Over the next week or so, I’ll be putting up three articles arising out of a workshop run by the group Frontline Feminists to which I was honoured to be invited recently. I’m very grateful to all of the women participants who worked through these ideas with me, and without whom these articles wouldn’t have been written.

Needless to say, if I’ve got anything wrong in any of the articles, or in anything that follows here, that’s my own responsibility.

The first article will deal with the dramatic clarification that two recent cases – one English and one Scottish – have made of the law relating to the Equality Act, and in particular to the law relating to women’s single sex spaces. I’ll argue that the combined result of these two cases is that males who are undergoing gender reassignment, and who do not have a Gender Recognition Certificate (GRC), can never have a right to enter such spaces, and that males who do have a GRC may also be lawfully excluded.

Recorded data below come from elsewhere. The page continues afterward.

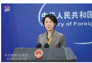
tional Press Center (IPC).

"On Kashmir issue, China's position is consistent and clear. This is a dispute left from the past between India and Pakistan and it should be properly addressed in peaceful means according to UN charter, UNSC resolutions and relevant bilateral agreements," Chinese Foreign Ministry's Spokesperson, Mao Ning said during her regular briefing held at Interna-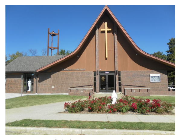
St. Philip Neri Church 514 Parker Ave, Osawatomie, KS 66064 https://www.miamilinncatholics.org/SPN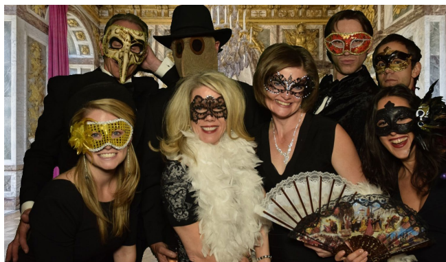
ORBITAL GALA 2021. The Foundation's 18th annual fundraiser supports the Academy's vital educational, public service, and quality-of-care programs.

Academy offerings. Be sure to visit the Academy Resource Center (Hall G, Booth 4039) to find experts and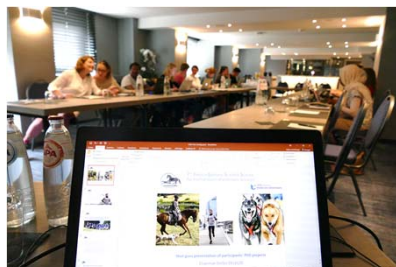
Figure 3: self-reported physical activity does not require an exercise test

For the 1 mile-WT, participants were instructed to perform a one-mile walk as fast as possible (Fig. 2). The time to perform the walk was included in an equation to predict \dot{V}O_{2max} taking into account individual characteristics and final heart rate (HR). The NE-BEM estimates \dot{V}O_{2max} based on a calculation including gender, age, body mass index, resting HR, and self-reported physical activity (Fig.3).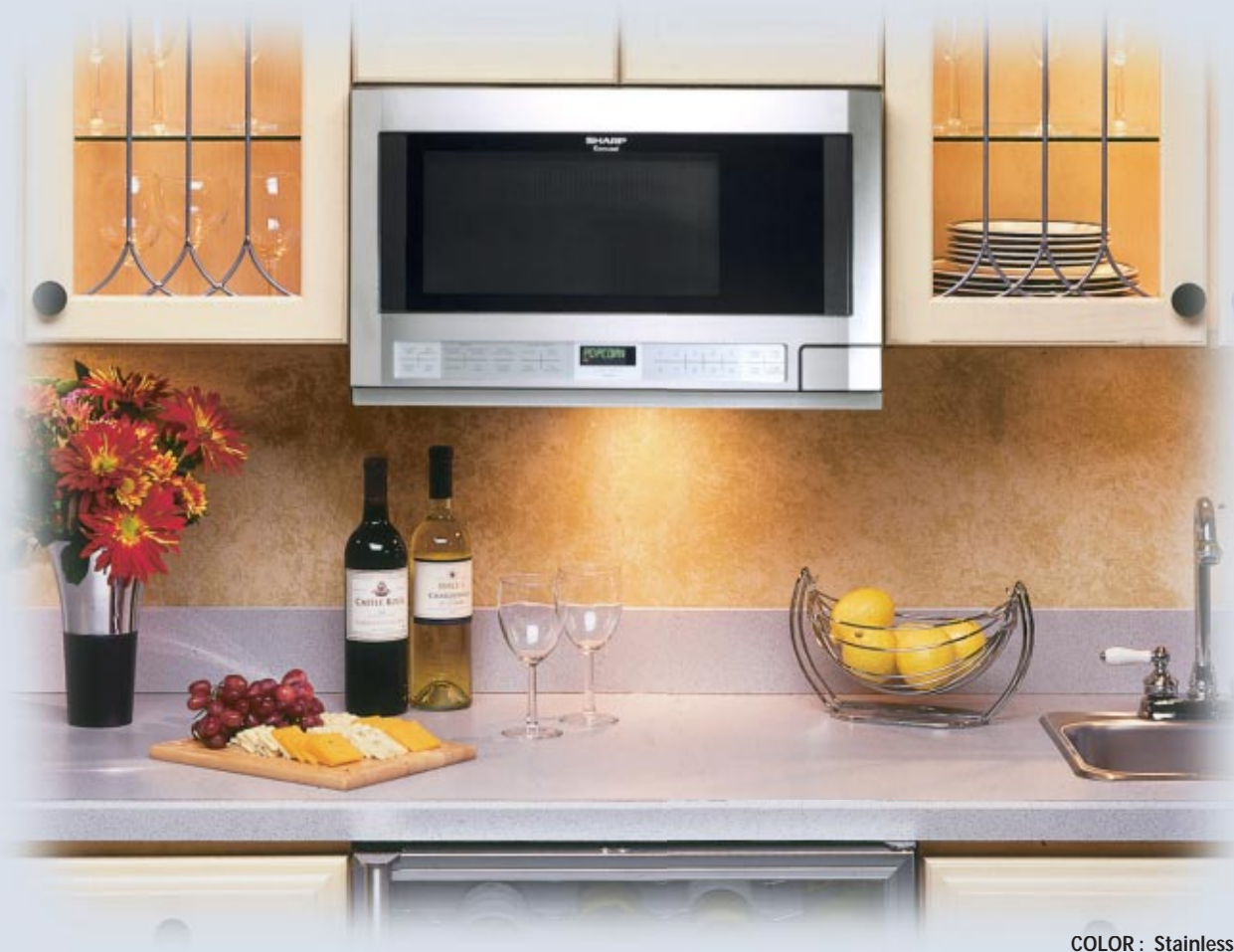
COLOR : Stainless Steel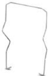
Relay retaining bracket, wire model, suitable for RIF-4 relay base

Please be informed that the data shown in this PDF Document is generated from our Online Catalog. Please find the complete data in the user's documentation. Our General Terms of Use for Downloads are valid ( http://phoenixcontact.com/download )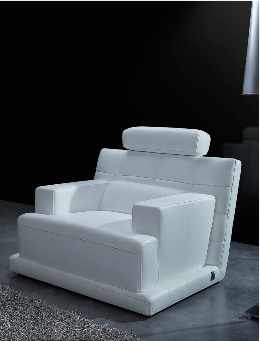
Headrests are not only available to armchairs, they also can be added to all sofa items of Model LUCERA II (no. 0280B).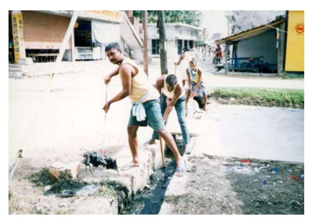
Cleaning of Drains Clogged by Solid Waste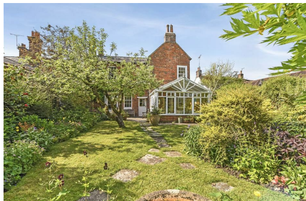
Clarendon House | £950,000 60 Middlebridge Street, Romsey, Hampshire, SO51 8HJ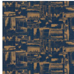
BB-BK-07 MCWAY NAVY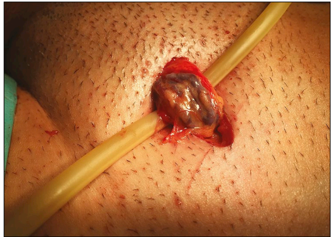
Figure 1. Microsurgical varicocelectomy. Spermatic cord delivered to the operative field just before introducing microscope (own material).

After 3 months, 26 cases (47.2%) of Group I and 11 cases (39.2%) of Group II had improvement in semen quality. After 6 months, there was an improvement in the semen quality in 32 cases (58.2%) in Group I and in 15 cases in Group II (53.5%). According to this data laparoscopic varicocelectomy in older men can achieve improvement in semen quality comparable to relatively younger patients. Zini [31] compared 115 men aged 40 years and older and 466 men younger than 40 years with clinical varicocele and infertility. All patients underwent microscopic varicocelectomy done by the same surgeon. There were no significant differences in the baseline sperm parameters and in spontaneous pregnancy rates after varicocelectomy in couples with advanced

The second article will deal with the effect of this on the “trans-inclusive” policy of the Scottish Government (SG) whereby, in order to receive SG funding, women’s single sex services are forced to state that they will include in those services males who are undergoing gender reassignment. I’ll argue that this policy forces women’s services to discriminate against the very group they were set up to serve – namely, females – and puts these services at risk of losing their single sex exemption under the Equality Act. I’ll also argue that women’s single sex services and individual women affected by the SG’s policies have grounds of action against the SG for this unlawful policy. 

The third article will deal with the further effect of all of this on the SG’s Gender Recognition Reform (Scotland) Bill, currently making its way through the Scottish Parliament. I’ll argue that the drastic changes which the Bill proposes to the requirements for attaining the legal fiction that one has changed sex put the Bill beyond the legislative competence of the Scottish Parliament and will lead inevitably to the Bill being struck down as unlawful by the courts.

(One aspect of this which I’ll deal with in the article – and which I haven’t seen raised before – is that the whole issue of “gender recognition” arises because the European Court of Human Rights in 2002 effectively ordered the whole of the United Kingdom to take action as a “contracting state” to provide a mechanism and relevant criteria for people to legally change sex. If, as the SG and its legal advisors evidently believe, it’s lawful for one part of the UK – Scotland – to now have very different criteria for legally changing sex than the rest of the UK, then it surely must be open to, say, English people who could get a GRC under the new Scottish criteria but not under the criteria still applying to the rest of the UK to complain to the European Court that the UK has unlawfully discriminated against them by not meeting its European human rights obligations in a uniform manner across the whole of the “contracting state”.)

But first, by way of introduction, something that struck me most forcefully when doing the research for the workshop giving rise to these articles is how clear judges once were about what “males” and “females” and “transsexuals” are, and about the reasons for granting the legal fiction, in exceptional cases, that human beings can change sex.

I invite you to read what follows and see if, like me, you find yourself at a loss to know how, in less than twenty years, we’ve “progressed” from the eminently sensible judicial statements set out here, and cited by the SG and others as providing the basis for their current views, to those current views themselves; that is to say, to the view that being a woman is just a feeling in your head, or that men who have that feeling in their heads are every bit as much women as those who gave birth to them, or that having “gender dysphoria” need not involve any discomfort or distress whatsoever about your body and indeed is fully consistent with requiring lesbians to suck your “girl dick” or alternatively to die.              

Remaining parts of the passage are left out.